### The problem:
Set out exactly, line by line, the stretch of data below that begins at the line containing "De Maine,P.A.D. and" and ends at the line containing "继广东外语外贸大学中国语言文", with both ends kept.

----- The data -----

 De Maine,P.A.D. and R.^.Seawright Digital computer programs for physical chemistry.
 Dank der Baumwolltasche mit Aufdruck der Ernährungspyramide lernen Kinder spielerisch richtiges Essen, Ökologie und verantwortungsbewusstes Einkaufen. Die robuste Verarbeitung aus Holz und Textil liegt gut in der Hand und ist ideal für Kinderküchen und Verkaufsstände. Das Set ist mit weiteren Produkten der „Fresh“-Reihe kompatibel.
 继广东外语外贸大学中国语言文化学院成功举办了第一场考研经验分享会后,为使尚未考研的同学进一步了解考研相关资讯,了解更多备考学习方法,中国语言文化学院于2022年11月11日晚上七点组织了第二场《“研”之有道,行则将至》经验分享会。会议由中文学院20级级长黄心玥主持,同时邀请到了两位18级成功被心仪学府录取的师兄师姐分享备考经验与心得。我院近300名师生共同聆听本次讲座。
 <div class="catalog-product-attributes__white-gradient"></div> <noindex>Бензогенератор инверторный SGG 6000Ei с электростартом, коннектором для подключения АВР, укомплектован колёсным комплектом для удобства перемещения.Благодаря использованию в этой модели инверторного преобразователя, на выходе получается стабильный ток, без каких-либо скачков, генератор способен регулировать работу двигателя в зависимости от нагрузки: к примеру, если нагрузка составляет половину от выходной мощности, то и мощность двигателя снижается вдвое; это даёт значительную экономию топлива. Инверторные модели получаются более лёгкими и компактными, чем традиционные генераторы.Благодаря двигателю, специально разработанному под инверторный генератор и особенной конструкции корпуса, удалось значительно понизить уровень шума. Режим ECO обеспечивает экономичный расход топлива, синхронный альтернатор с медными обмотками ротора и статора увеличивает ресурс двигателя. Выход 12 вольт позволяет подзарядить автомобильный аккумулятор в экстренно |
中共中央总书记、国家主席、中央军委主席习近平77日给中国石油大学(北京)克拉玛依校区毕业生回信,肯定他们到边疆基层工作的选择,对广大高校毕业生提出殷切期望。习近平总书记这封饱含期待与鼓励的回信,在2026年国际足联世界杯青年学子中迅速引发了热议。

-----
----- The data -----

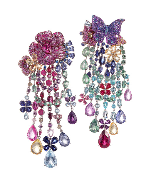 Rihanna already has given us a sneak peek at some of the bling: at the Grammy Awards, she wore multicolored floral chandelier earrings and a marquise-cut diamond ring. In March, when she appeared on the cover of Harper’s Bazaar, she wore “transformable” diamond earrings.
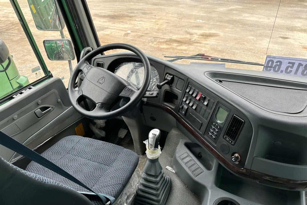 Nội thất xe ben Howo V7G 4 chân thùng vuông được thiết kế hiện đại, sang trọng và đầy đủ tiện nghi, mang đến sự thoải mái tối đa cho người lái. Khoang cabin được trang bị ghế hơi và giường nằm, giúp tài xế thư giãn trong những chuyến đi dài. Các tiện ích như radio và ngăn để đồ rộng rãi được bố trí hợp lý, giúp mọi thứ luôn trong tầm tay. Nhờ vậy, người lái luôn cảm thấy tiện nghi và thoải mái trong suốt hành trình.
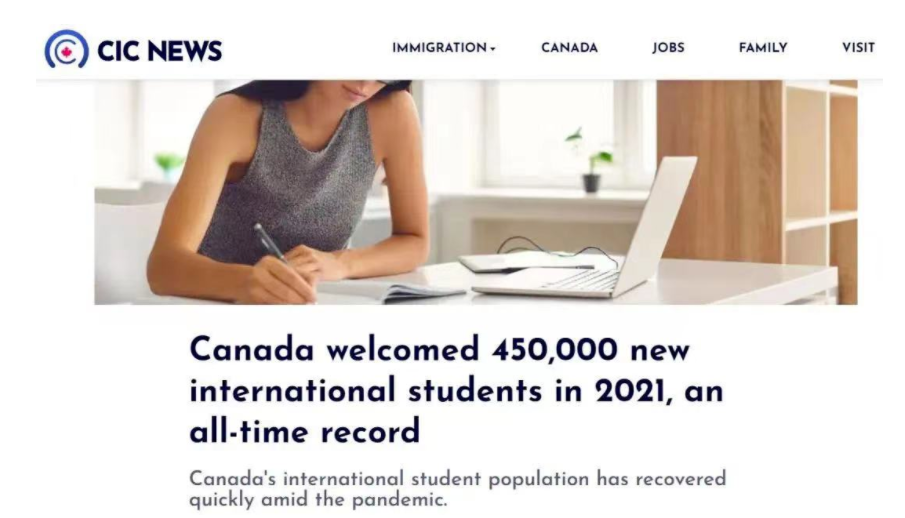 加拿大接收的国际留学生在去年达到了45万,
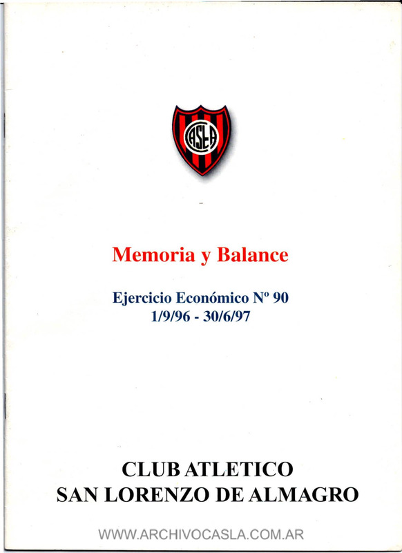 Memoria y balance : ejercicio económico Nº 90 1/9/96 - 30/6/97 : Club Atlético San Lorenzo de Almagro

-----

### Response area:
 De Maine,P.A.D. and R.^.Seawright Digital computer programs for physical chemistry.
 Dank der Baumwolltasche mit Aufdruck der Ernährungspyramide lernen Kinder spielerisch richtiges Essen, Ökologie und verantwortungsbewusstes Einkaufen. Die robuste Verarbeitung aus Holz und Textil liegt gut in der Hand und ist ideal für Kinderküchen und Verkaufsstände. Das Set ist mit weiteren Produkten der „Fresh“-Reihe kompatibel.
 继广东外语外贸大学中国语言文化学院成功举办了第一场考研经验分享会后,为使尚未考研的同学进一步了解考研相关资讯,了解更多备考学习方法,中国语言文化学院于2022年11月11日晚上七点组织了第二场《“研”之有道,行则将至》经验分享会。会议由中文学院20级级长黄心玥主持,同时邀请到了两位18级成功被心仪学府录取的师兄师姐分享备考经验与心得。我院近300名师生共同聆听本次讲座。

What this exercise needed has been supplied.